Segment Start: COLLECTED DATA

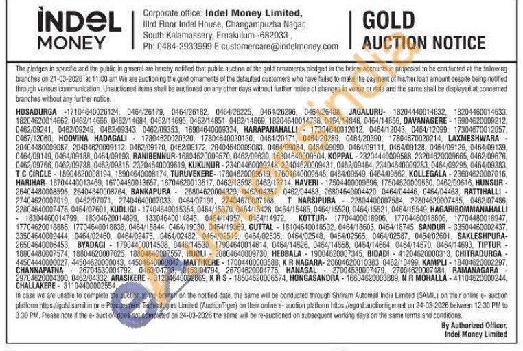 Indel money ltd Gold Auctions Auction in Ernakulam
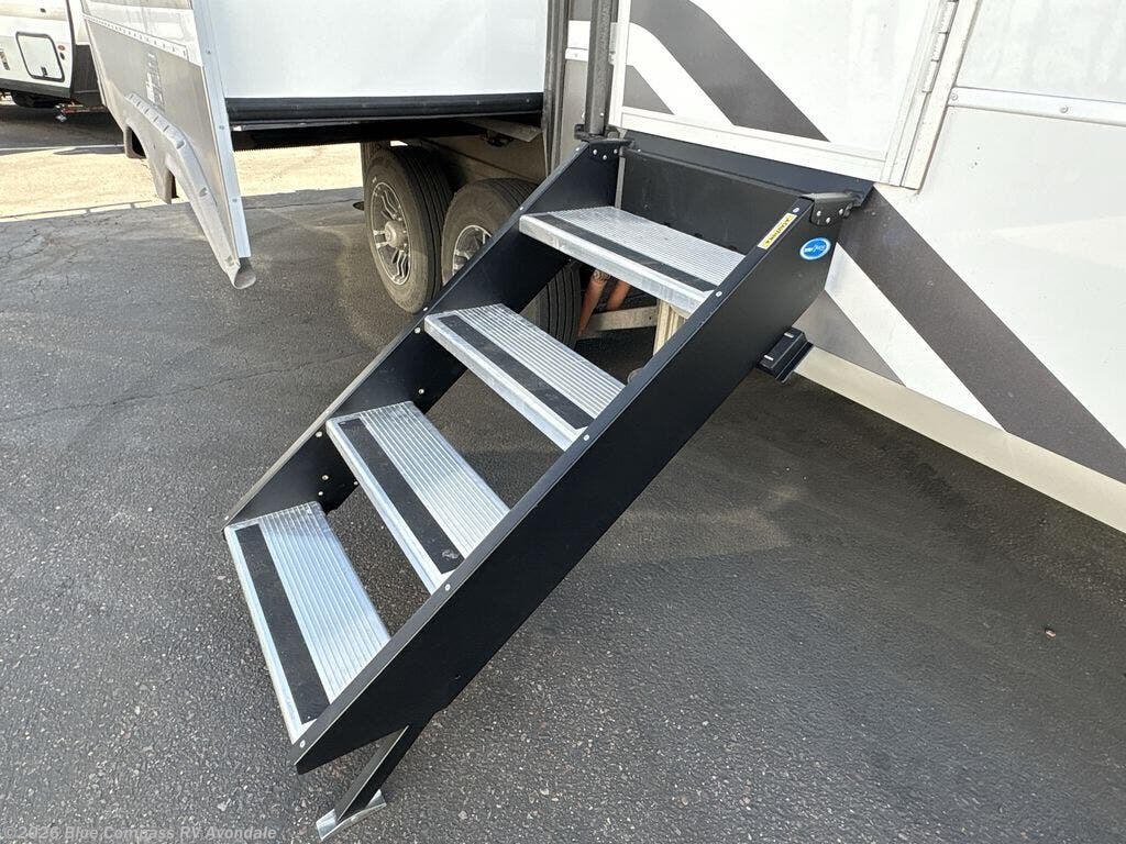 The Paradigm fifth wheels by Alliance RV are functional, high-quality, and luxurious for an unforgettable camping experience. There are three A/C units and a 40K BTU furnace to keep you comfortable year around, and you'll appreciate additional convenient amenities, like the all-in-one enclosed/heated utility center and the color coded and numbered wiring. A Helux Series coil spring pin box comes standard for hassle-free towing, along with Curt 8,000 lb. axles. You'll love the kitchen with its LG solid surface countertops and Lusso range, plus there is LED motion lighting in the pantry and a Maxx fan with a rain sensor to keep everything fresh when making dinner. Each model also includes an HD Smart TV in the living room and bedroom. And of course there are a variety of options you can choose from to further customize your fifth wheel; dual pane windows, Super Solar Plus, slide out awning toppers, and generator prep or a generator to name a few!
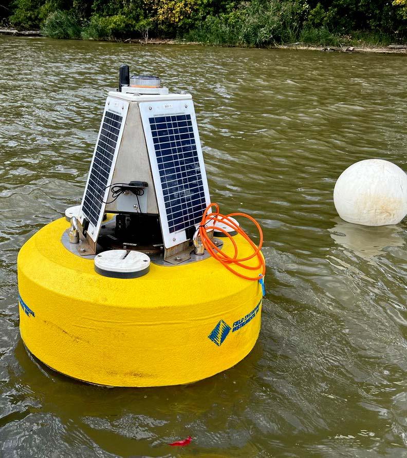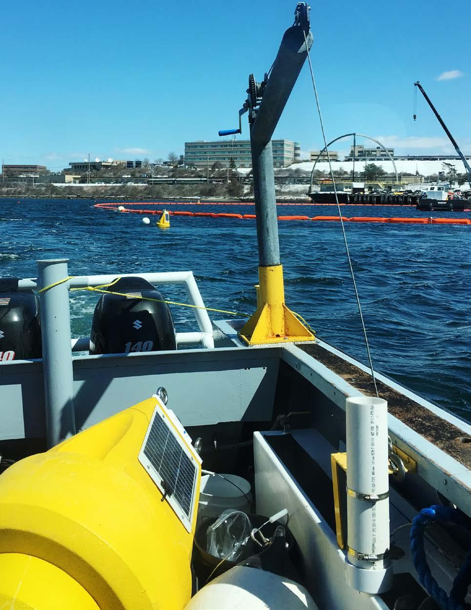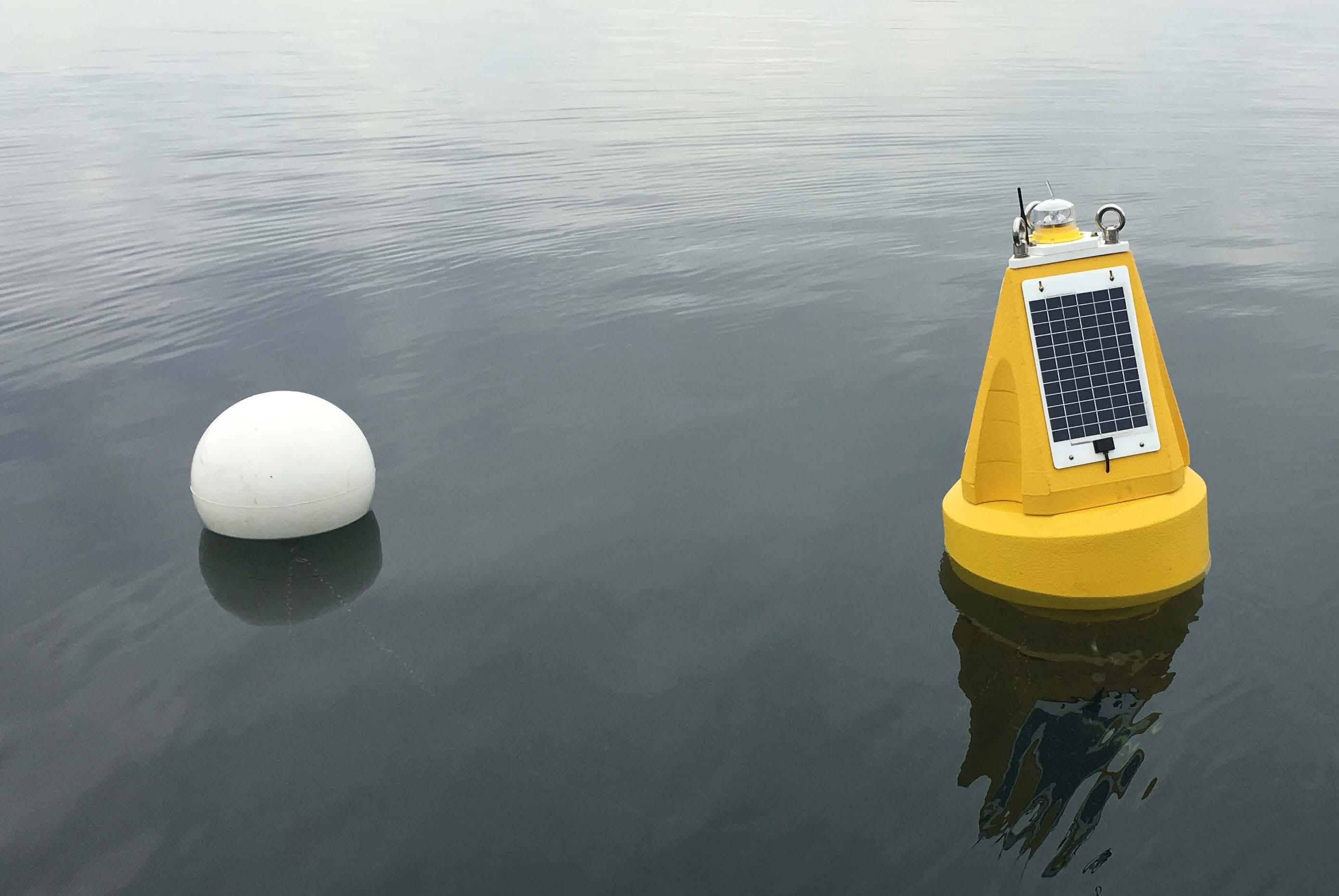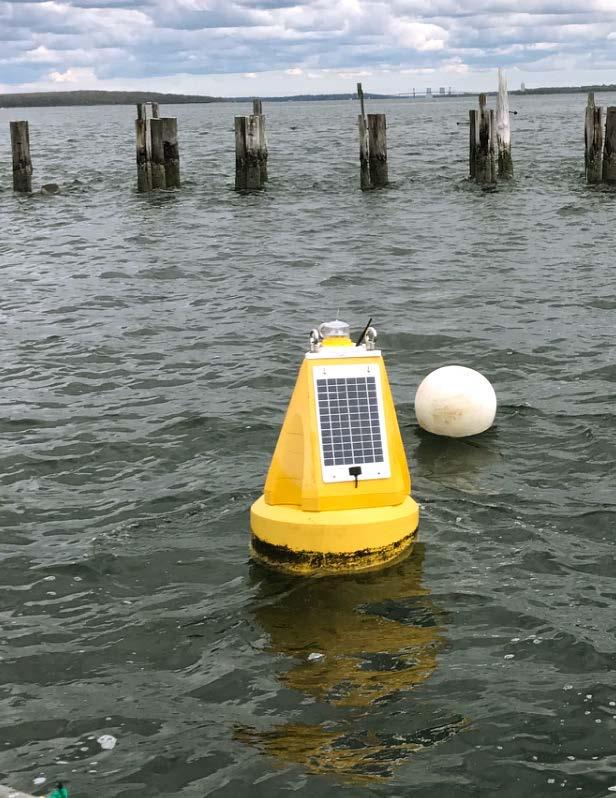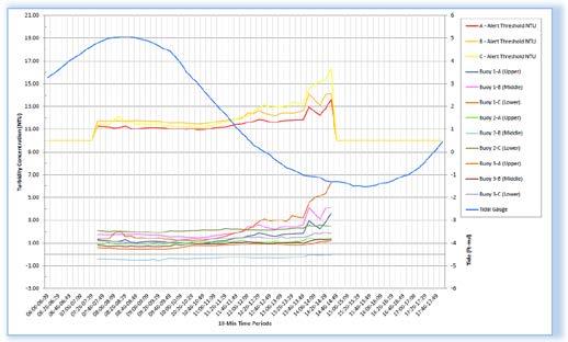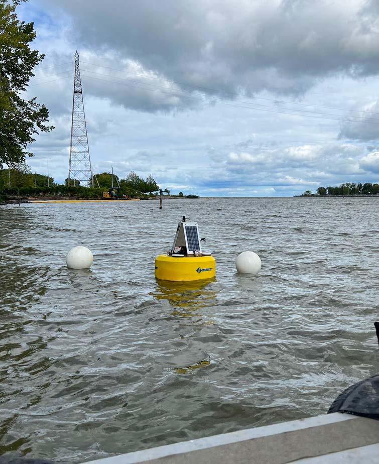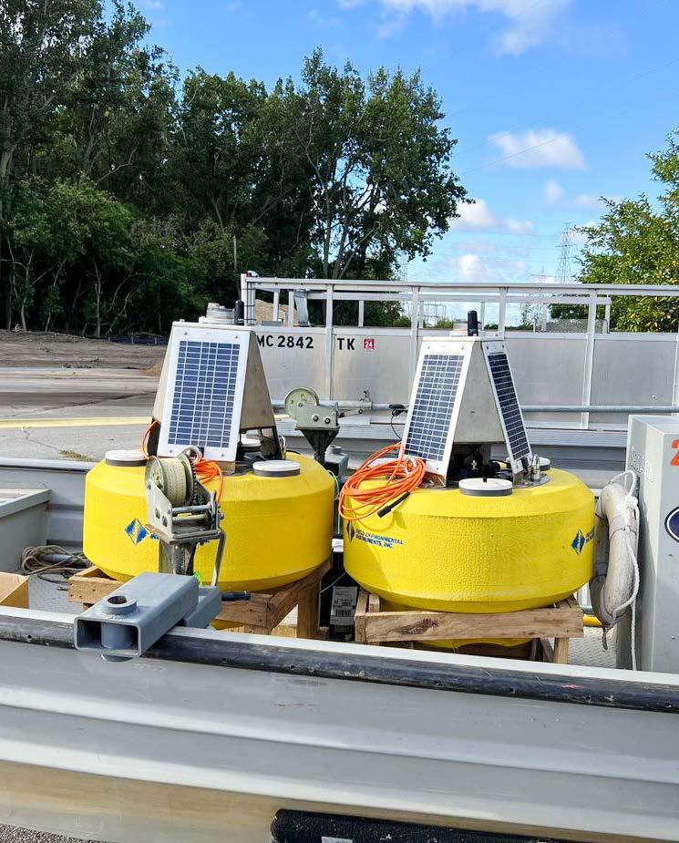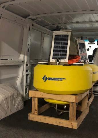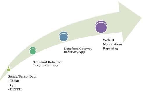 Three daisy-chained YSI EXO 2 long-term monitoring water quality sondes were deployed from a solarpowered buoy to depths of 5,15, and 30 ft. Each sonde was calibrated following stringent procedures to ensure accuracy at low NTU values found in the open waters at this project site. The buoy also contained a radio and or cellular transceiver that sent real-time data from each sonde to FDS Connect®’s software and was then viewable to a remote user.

Segment End: COLLECTED DATA

Repeat the data word for word. Images are not part of the copy.

_EXPECTED OUTPUT_.
 Indel money ltd Gold Auctions Auction in Ernakulam
 The Paradigm fifth wheels by Alliance RV are functional, high-quality, and luxurious for an unforgettable camping experience. There are three A/C units and a 40K BTU furnace to keep you comfortable year around, and you'll appreciate additional convenient amenities, like the all-in-one enclosed/heated utility center and the color coded and numbered wiring. A Helux Series coil spring pin box comes standard for hassle-free towing, along with Curt 8,000 lb. axles. You'll love the kitchen with its LG solid surface countertops and Lusso range, plus there is LED motion lighting in the pantry and a Maxx fan with a rain sensor to keep everything fresh when making dinner. Each model also includes an HD Smart TV in the living room and bedroom. And of course there are a variety of options you can choose from to further customize your fifth wheel; dual pane windows, Super Solar Plus, slide out awning toppers, and generator prep or a generator to name a few!
 Three daisy-chained YSI EXO 2 long-term monitoring water quality sondes were deployed from a solarpowered buoy to depths of 5,15, and 30 ft. Each sonde was calibrated following stringent procedures to ensure accuracy at low NTU values found in the open waters at this project site. The buoy also contained a radio and or cellular transceiver that sent real-time data from each sonde to FDS Connect®’s software and was then viewable to a remote user.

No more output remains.